What is expected:
Look through the material below. Return exactly the lines from the one with "kazanma fırsatın Sekabet’te!" through the one with "This page presents", both included.

Source information:
···

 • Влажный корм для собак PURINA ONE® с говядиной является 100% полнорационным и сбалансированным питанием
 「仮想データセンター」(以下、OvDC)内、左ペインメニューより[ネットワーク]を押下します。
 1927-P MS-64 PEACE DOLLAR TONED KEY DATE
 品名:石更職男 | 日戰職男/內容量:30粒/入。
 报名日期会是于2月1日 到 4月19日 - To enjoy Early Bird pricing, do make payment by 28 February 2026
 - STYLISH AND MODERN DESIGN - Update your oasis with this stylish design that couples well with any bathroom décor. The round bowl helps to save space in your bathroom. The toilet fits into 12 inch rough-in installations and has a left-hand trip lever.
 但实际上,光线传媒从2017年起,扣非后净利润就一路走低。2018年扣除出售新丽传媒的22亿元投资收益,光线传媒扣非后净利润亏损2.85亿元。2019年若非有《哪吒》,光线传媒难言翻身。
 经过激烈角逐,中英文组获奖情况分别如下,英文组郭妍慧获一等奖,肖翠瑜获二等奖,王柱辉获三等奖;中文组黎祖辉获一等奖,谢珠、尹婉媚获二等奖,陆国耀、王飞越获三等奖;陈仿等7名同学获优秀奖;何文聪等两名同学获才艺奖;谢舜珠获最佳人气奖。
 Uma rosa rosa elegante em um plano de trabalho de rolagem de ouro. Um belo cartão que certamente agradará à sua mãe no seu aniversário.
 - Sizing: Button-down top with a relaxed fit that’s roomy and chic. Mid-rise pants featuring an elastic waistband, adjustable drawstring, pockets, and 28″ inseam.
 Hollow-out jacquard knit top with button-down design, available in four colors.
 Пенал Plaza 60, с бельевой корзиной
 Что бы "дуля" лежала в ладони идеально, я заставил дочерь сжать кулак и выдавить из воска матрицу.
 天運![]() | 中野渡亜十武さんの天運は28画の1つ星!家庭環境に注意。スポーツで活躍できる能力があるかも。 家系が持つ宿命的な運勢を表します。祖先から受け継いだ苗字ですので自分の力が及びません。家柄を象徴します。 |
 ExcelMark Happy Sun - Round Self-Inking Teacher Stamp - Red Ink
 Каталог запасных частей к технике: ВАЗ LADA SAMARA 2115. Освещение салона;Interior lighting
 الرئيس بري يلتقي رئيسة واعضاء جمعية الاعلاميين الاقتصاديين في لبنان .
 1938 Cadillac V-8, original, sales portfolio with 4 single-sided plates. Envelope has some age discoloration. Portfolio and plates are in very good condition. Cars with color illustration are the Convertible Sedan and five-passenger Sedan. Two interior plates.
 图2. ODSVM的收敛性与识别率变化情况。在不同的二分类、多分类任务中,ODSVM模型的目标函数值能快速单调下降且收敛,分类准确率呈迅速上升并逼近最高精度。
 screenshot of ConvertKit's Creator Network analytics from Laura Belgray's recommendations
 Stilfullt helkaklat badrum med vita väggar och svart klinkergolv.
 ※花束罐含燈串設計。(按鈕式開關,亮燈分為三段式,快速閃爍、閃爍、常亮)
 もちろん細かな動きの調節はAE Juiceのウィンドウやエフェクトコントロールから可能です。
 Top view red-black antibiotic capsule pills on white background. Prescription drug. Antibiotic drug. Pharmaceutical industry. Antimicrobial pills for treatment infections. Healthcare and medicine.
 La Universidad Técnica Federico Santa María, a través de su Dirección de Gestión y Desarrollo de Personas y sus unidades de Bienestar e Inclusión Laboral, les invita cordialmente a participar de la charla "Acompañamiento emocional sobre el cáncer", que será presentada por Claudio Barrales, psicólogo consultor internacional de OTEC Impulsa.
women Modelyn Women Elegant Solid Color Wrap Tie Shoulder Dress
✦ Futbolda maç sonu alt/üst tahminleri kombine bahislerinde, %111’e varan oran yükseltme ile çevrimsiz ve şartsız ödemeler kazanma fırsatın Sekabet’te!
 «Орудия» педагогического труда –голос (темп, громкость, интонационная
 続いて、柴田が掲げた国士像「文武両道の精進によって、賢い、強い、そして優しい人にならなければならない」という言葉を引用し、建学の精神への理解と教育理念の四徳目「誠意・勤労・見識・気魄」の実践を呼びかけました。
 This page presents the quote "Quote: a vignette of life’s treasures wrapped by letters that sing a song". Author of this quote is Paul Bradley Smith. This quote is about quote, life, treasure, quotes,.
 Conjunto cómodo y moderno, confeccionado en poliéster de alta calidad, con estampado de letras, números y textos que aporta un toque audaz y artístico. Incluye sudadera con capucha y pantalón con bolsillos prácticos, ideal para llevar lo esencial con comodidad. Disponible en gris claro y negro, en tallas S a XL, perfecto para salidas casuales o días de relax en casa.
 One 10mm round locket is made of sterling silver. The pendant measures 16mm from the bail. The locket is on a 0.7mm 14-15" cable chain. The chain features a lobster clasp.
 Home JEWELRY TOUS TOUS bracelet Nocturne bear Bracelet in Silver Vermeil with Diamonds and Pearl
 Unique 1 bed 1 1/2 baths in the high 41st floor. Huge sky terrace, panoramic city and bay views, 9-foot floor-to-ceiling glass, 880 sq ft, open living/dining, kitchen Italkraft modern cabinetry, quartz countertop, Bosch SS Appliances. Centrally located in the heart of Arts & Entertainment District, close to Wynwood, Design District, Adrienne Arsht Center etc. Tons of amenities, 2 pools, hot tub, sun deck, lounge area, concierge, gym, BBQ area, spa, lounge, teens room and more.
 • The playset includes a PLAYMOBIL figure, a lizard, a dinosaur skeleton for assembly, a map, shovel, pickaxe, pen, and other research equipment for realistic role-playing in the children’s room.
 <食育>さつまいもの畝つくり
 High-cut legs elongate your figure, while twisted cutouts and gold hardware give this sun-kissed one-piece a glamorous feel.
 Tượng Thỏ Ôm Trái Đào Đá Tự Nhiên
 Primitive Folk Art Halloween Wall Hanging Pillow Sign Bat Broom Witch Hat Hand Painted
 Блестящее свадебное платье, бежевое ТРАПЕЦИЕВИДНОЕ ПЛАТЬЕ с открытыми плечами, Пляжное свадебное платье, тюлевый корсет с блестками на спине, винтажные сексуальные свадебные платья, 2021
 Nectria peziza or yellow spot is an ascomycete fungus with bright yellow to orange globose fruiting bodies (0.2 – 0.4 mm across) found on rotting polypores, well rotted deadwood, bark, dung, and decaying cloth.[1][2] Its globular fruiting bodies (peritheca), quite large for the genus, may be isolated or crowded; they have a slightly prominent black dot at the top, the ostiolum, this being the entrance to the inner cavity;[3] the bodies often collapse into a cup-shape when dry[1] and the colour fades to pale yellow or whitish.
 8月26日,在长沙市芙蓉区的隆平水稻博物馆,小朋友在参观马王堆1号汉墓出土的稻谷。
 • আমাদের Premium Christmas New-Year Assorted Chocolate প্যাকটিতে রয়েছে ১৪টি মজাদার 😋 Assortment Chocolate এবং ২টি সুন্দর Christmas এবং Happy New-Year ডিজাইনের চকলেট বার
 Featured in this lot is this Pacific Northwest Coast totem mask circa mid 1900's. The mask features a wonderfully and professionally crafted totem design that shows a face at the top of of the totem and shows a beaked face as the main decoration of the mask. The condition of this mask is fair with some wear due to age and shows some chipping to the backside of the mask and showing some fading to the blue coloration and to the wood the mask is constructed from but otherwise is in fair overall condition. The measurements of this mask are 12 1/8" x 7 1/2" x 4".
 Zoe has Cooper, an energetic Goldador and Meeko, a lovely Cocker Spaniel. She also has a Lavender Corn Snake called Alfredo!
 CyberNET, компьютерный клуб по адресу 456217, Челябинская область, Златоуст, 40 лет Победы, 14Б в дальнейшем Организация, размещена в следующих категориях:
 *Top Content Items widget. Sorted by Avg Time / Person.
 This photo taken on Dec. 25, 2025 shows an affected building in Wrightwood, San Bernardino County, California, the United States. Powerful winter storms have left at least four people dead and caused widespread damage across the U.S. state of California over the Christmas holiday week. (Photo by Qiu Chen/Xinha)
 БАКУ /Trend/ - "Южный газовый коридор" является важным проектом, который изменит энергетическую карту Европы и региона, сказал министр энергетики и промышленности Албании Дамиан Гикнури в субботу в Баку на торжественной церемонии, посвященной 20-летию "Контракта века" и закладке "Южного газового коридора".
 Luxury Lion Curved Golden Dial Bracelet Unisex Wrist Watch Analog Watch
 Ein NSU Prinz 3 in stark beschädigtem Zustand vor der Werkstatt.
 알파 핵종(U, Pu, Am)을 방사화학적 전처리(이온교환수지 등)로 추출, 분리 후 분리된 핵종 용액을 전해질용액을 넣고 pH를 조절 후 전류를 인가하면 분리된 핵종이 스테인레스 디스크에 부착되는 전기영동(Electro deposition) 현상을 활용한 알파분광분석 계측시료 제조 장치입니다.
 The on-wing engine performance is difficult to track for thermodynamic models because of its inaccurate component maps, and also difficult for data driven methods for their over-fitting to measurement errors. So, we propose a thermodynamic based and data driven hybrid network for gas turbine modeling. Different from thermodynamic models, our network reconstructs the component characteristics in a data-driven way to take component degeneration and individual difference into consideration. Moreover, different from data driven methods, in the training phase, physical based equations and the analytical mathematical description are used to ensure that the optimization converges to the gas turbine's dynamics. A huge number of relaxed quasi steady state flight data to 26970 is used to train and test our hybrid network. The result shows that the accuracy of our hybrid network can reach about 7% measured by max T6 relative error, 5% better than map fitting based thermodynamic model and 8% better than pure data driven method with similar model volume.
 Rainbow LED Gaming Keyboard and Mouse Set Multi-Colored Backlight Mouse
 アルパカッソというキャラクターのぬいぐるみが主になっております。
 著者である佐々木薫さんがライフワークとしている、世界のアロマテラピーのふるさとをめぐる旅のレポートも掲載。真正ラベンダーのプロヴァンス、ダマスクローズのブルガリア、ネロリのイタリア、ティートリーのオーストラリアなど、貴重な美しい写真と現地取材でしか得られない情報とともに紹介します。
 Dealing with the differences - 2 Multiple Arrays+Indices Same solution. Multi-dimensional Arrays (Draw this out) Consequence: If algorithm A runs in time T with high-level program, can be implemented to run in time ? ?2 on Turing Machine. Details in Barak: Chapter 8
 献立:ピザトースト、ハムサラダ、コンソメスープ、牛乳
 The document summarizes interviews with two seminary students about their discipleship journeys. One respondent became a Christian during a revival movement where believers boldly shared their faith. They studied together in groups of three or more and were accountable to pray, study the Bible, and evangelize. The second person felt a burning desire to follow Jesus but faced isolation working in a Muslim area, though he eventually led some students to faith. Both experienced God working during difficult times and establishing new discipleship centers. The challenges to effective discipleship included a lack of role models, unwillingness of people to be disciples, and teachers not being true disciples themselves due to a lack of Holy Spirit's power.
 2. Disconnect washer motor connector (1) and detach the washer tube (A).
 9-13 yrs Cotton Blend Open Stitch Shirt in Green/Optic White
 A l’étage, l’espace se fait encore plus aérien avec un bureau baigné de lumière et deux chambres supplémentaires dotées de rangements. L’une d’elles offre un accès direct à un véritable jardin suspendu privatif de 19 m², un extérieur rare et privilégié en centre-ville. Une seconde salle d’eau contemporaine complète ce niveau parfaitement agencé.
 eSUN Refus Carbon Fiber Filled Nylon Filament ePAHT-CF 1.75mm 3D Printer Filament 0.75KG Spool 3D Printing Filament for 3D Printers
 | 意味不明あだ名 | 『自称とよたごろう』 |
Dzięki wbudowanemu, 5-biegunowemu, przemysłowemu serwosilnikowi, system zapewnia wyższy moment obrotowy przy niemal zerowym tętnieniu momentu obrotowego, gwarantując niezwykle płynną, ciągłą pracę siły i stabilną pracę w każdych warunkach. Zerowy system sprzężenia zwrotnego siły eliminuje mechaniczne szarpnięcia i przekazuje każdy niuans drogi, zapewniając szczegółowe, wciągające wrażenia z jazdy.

···

Exercise answer:
✦ Futbolda maç sonu alt/üst tahminleri kombine bahislerinde, %111’e varan oran yükseltme ile çevrimsiz ve şartsız ödemeler kazanma fırsatın Sekabet’te!
 «Орудия» педагогического труда –голос (темп, громкость, интонационная
 続いて、柴田が掲げた国士像「文武両道の精進によって、賢い、強い、そして優しい人にならなければならない」という言葉を引用し、建学の精神への理解と教育理念の四徳目「誠意・勤労・見識・気魄」の実践を呼びかけました。
 This page presents the quote "Quote: a vignette of life’s treasures wrapped by letters that sing a song". Author of this quote is Paul Bradley Smith. This quote is about quote, life, treasure, quotes,.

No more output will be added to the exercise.